London Stansted welcomed the arrival of Qatar Airways Cargo today (May 2), marking the launch of the airport’s first scheduled cargo link to the Middle East and the carrier’s first scheduled freighter service into the UK.
The airline will operate five weekly flights to Britain’s third busiest cargo airport, from Hong Kong via the Qatari capital, Doha, using a Boeing 777-200 freighter. The first flight touched down at 03.40 and was welcomed to London by a water arch created by two airport fire fighting vehicles.
Graeme Ferguson, airport operator MAG’s Commercial Director for Cargo, said:
“Stansted Airport and MAG are delighted to welcome Qatar Airways’ new five times a week flights from its hub in Doha, the first scheduled cargo service by one of the Middle East’s major carriers. The service will open up new markets for customers from the Middle East and beyond, as well as for businesses and exporters from across London and the eastern region.

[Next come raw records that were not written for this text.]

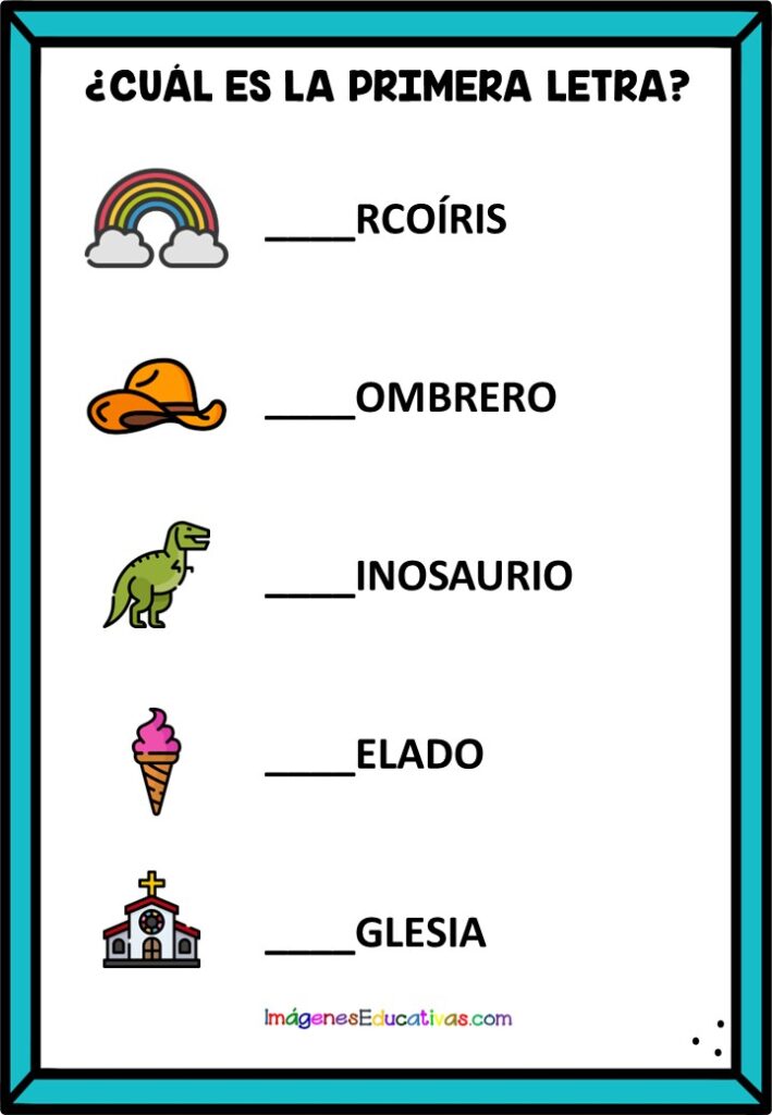 En segundo lugar las fichas imprimibles y en concreto las fichas ¿Cuál es la primera letra? son ideales para trabajar el inicio a la lectura en los primros ciclos de Educación Primaria y en educación Infantil. Son ideales para maestros y maestras y puedes descarlas de forma toralmente gratuita.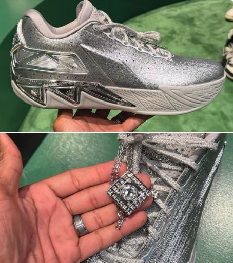 周日下午,全明星期間庫里與約內斯庫、歐文一同訓練的照片和視頻流出:他上腳了安踏狂潮5二代,鞋跟位置赫然印有庫里品牌的Logo。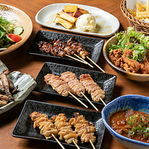 自慢の焼き鳥や、旬のお造りを2種盛りでご用意。 脇を固める、サラダ、揚げ物、一品料理、〆のご飯ものまで盛りだくさんのラインナップ。「焼き鳥も食べたいけど、新鮮な魚も外せない」という方にこそお召し上がりいただきたい、充実の内容です。 会社の飲み会やご友人同士のお集まりなど、様々なシーンにおすすめです。
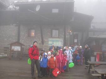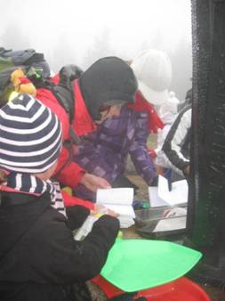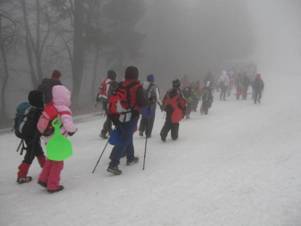 Planinci v meglici proti Črnemu vrhu. |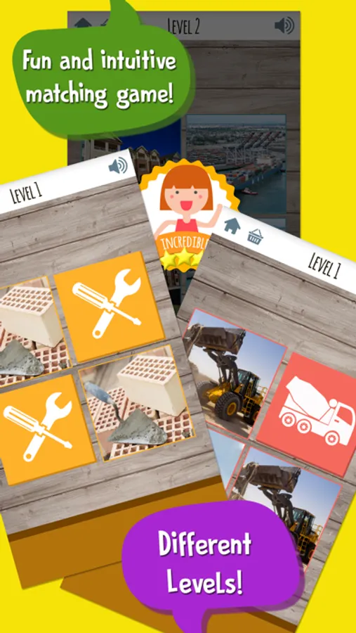 - Memory Matching Game: Kids will make brain exercise by playing memory matching game with structures, construction machines and tools.

“As the only major London gateway with capacity to support growth and economic activity, we see this service as a key milestone in our strategy for developing Stansted’s cargo operation. We are committed to ensuring that Stansted remains a cargo centre of excellence for the UK and this first service for Qatar Airways is another key step in Stansted’s service offering. We provide unrivalled operational resilience and standards of excellence, key requirements for Qatar Airways’ own service delivery model and five star airline service.”
Ulrich Ogiermann, Qatar Airways Chief Cargo Officer, said:
“Stansted Airport is a key freight airport and with this launch, we are delighted to begin our first dedicated freighter service in the United Kingdom. We are sure that this new addition will benefit the freight industry. We take this opportunity to thank the authorities at Stansted Airport for their support in enabling the commencement of our first freighter route in the UK.”
The new route is the first cargo service to be launched following the Civil Aviation Authority’s (CAA) decision in March to remove Stansted from economic price regulation. Following a two-year review, the CAA concluded that Stansted did not have substantial market power in its cargo operations and that it should be free from regulation to compete with other airports for cargo services.